The following allegations of the Complaint are pertinent to the subject motion.
Leaf River hired Parker in or around October of 2008 to work at its plant in New
Augusta, Mississippi. On December 12, 2013, Leaf River received a report that Parker
had a handgun in his vehicle that was located in an employee parking lot. Leaf River
requested and was granted permission to search Parker’s vehicle. Leaf River found a
handgun in Parker’s vehicle. Immediately following the search of Parker’ vehicle, Leaf
River “suspended Parker’s employment and directed him to leave the premises.”
(Compl. [1] at ¶ 12.) On December 13, 2013, Leaf River terminated Parker’s
employment. Leaf River’s termination of Parker violated section 45-9-55 of the
Mississippi Code (employee parking lots; employer liability).

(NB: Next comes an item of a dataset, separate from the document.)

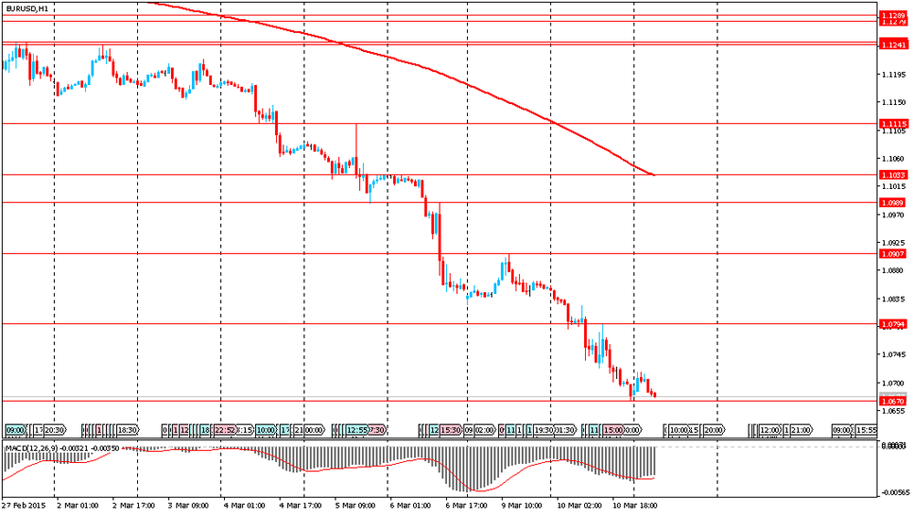 Евро вновь обновил 12-ти летний минимум и остается под давлением на фоне объявленной Европейским центральным банком программы количественного смягчения на сумму 60 млрд евро в месяц. Соотнося крайне мягкую политику ЕЦБ с приготовлением ФРС к повышению процентных ставок уже в июне, инвесторы отказываются от евро. С прошлого лета единая европейская валюта потеряла относительно доллара более 20% своей стоимости.

Presently before the Court is Leaf River’s Motion to Dismiss [7]. Leaf River
seeks dismissal pursuant to Federal Rule of Civil Procedure 12(b)(6), and argues that
this lawsuit is barred by subsection (5) of section 45-9-55. The motion has been fully
briefed and the Court is ready to rule.
II. DISCUSSION
A.
Standard of Review
To withstand a motion to dismiss under Rule 12(b)(6), “a complaint must contain
sufficient factual matter, accepted as true, to ‘state a claim to relief that is plausible on
its face.’” Ashcroft v. Iqbal, 556 U.S. 662, 678, 129 S. Ct. 1937, 173 L. Ed. 2d 868
(2009) (quoting Bell Atl. Corp. v. Twombly, 550 U.S. 544, 570, 127 S. Ct. 1955, 167 L.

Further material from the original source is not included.